= NARAM =

NARAM is the Annual Meet of the National Association of Rocketry (NAR). It is the national contest culminating the rocket contest year, and also includes fun, or "sport," flying of model rockets for those who don't wish to compete. The NAR is the governing body for the sport/hobby of model rocketry in the United States. NARAM is traditionally held the first week of August.

==History==
The first NARAM was held in Denver, Colorado, in 1959 hosted by the Mile-HI section (#1).
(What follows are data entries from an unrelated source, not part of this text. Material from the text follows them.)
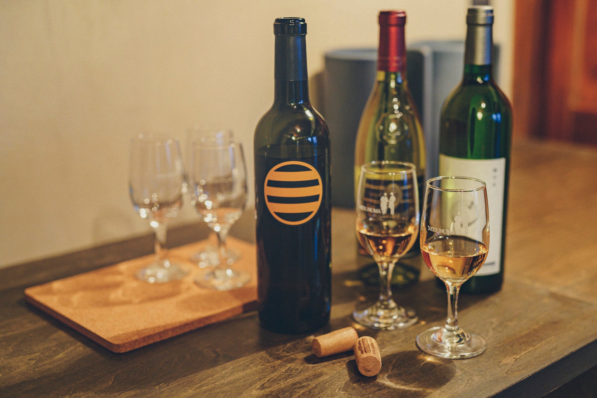 開栓したワインはボトルごとお渡し致します。 入手困難なオリジナルワインを中心に、山梨県ではこれは外せないと言った基本のワインから、珍しいワインなど、山梨ワインの基本を押さえつつ、ワインに詳しい方でも楽しめるワインをお選びいたします。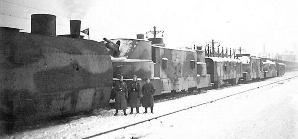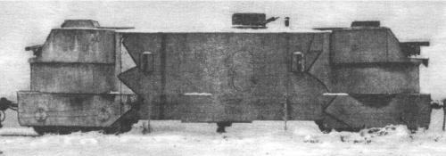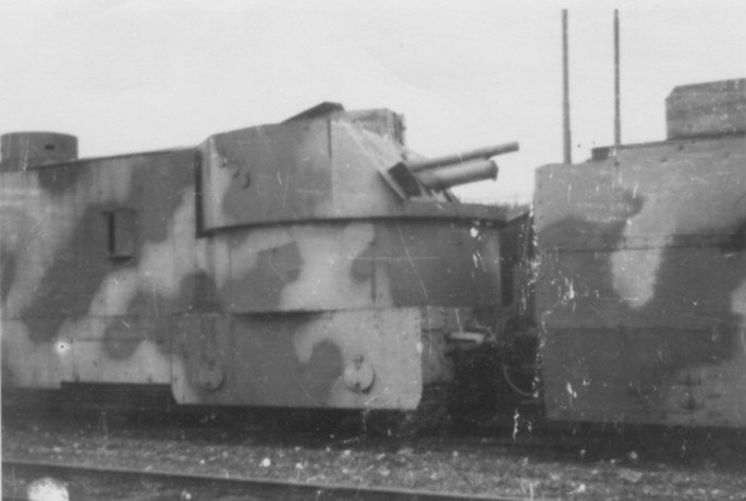 The final compostion of the "Groźny" was of two modern Soviet twin-turret artillery wagons of the same type. The first such twin-turret wagon, armed with two 76.2 mm guns, was assigned in March 1920. It was captured from a Soviet train BP no. 56 "Kommunar" near Olevsk W, on 17 March 1920 note 1. In March-October 1920, the "Groźny" consisted of one twin-turret wagon and a Soviet single-turret improvised wagon, constructed in railway workshops in Zdolbunov from a steel open four-axle coal wagon, with reinforced walls, a 76.2 mm artillery turret fitted in forward end and a protected casemate above the rest of the wagon. Its origin is not entirely clear; according to newest source it came from BP no. 104 "Imeni Karla Liebknechta", captured on 12 August 1919 note 2. Both wagons were also fitted with machine guns, and the train also had some other improvised MG wagon(s). Initially the train presumably had a Soviet broad-gauge series O locomotive (no details are known). From September 1920 it used a standard-gauge series 73 locomotive, fitted with a full armour in Poland.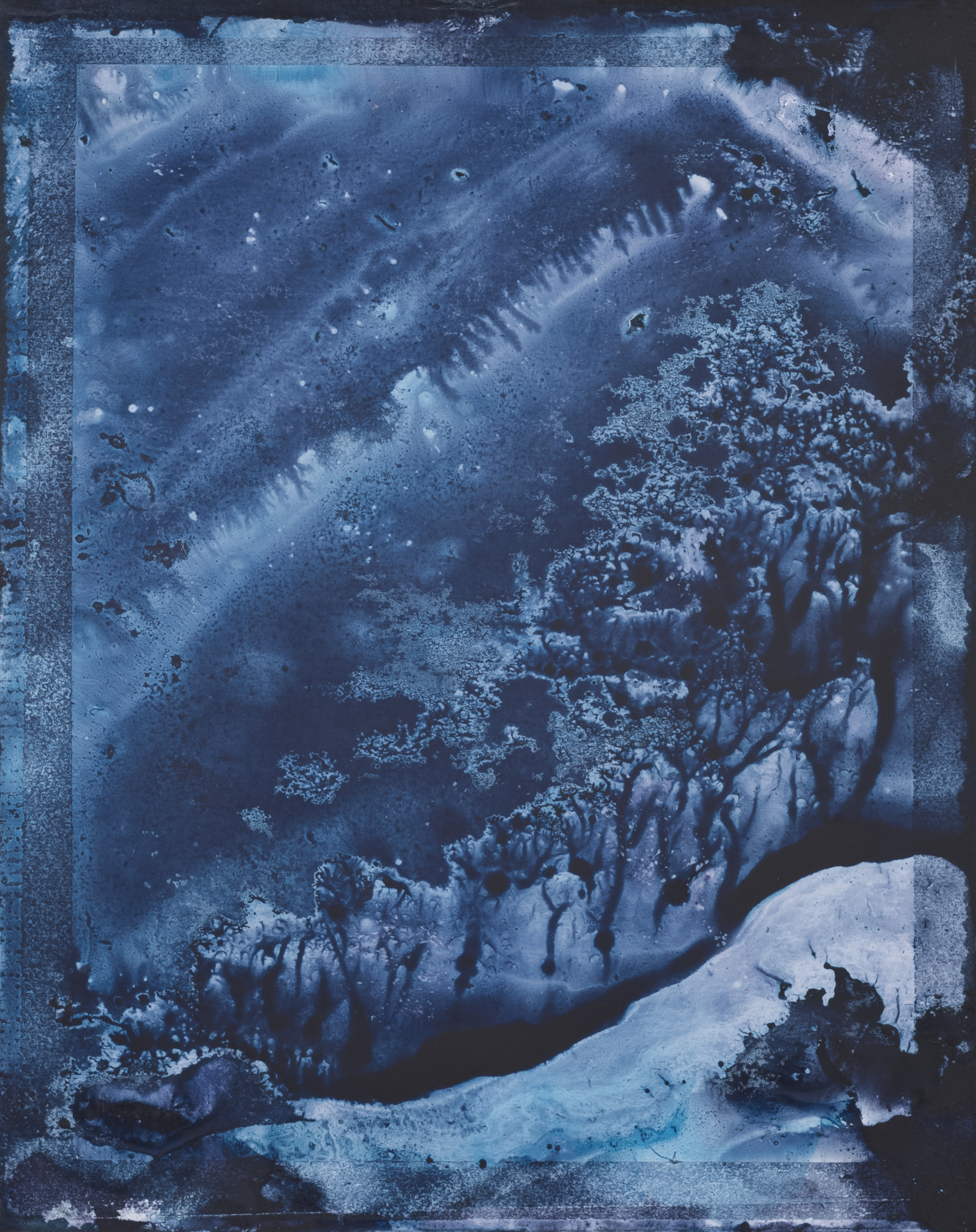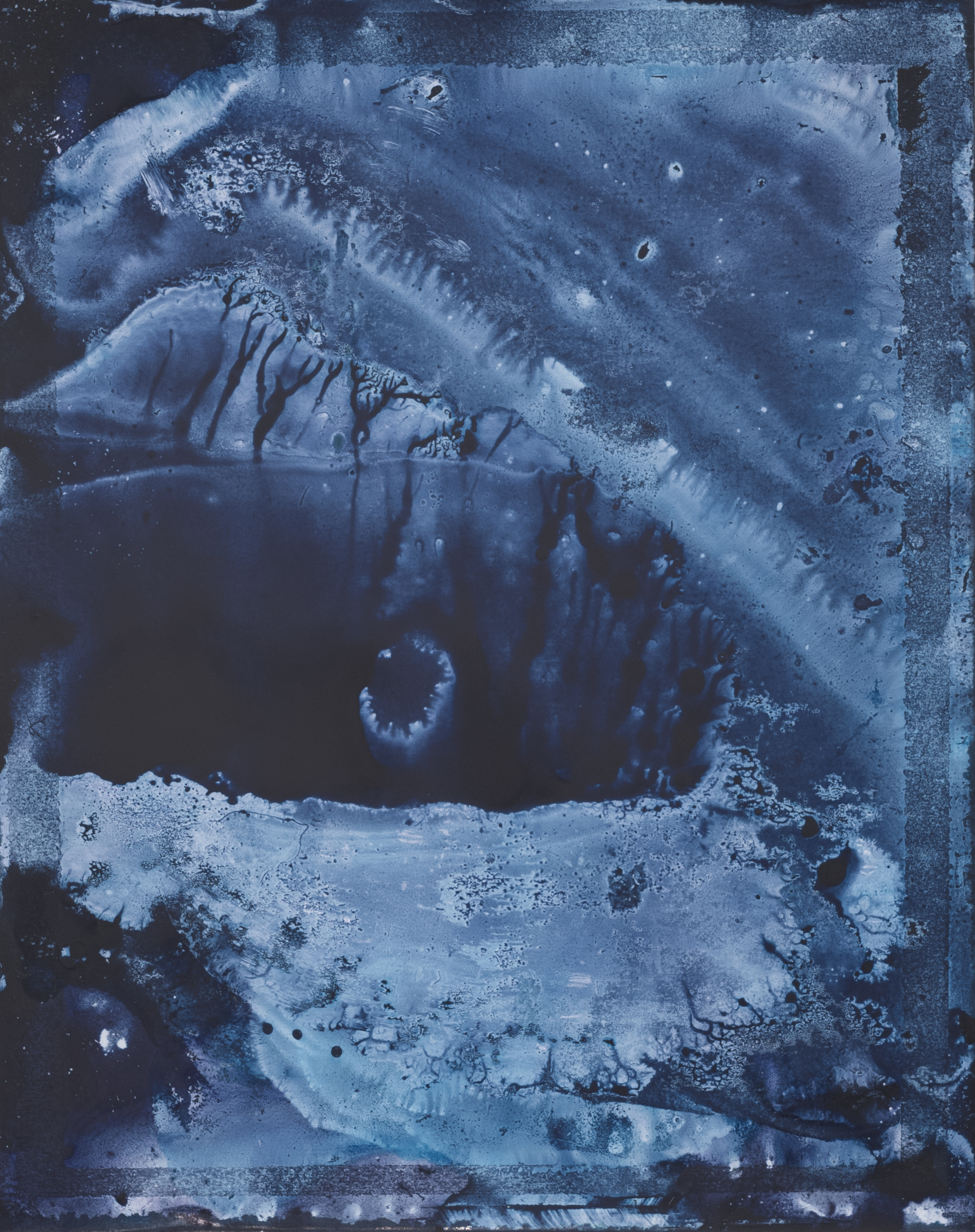 Hier ist eine Cyanotypie, auch Blaupause genannt zu sehen. Es ist eine experimentelle Arbeit, die mit der entsprechenden Chemie auf altem Fotopapier hergestellt wurde. In diesem Fall ist es ein Polaroid Pack Film aus dem Jahr 1975. Der Packfilm war teilweise nicht mehr zu verwenden, um ihn nicht zu entsorgen, wurde er als Grundlage für eine experimentelle Arbeit genutzt.
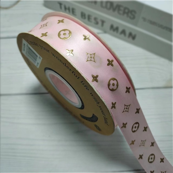 RB LV họa tiết ép nhũ VÀNG màu HỒNG TƯƠI khổ 2,5cm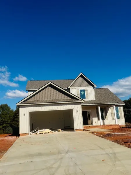 Spec Home - 2 story with open foyer, 3 bedroom/2.5 bath, 2423 heated space, hardwood floors in main living area, carpet in bedrooms, ceramic tile floors in baths and laundry, bump out with windows in dining area, quartz countertops, kitchen island, fireplace, ceiling fans in living room, primary bedroom and on covered rear porch, NOTE: Plan/Upgrades on attached floor plan may change at builder discretion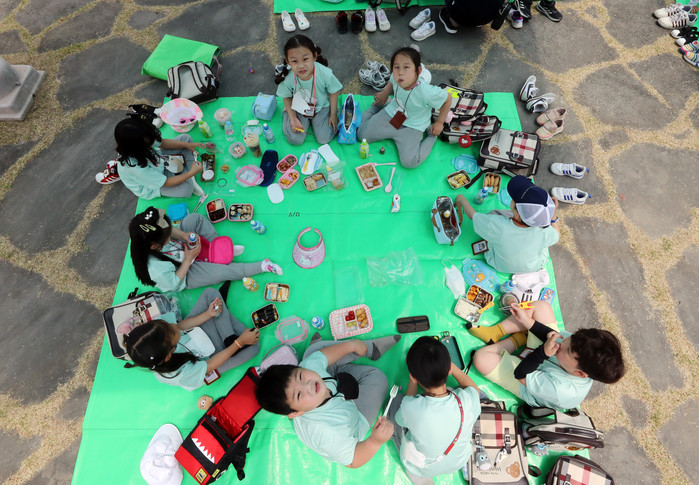[열린의정뉴스 = 김윤영 기자] 20일 오후 전남 곡성군 섬진강기차마을 내 장미공원에서 어린이들이 소풍 나와 점심을 먹고 있다. 2022.5.20

G. Harry Stine served as the contest director. NARAM-2 was hosted by the Peak City Section (#2) in Colorado Springs and the CD was William S. Roe, a co-founder of the NAR. Fifty years later, NARAM-50 was held at Great Meadow in The Plains, Virginia. NARAM-52, in Pueblo, CO was a tribute to William S. Roe.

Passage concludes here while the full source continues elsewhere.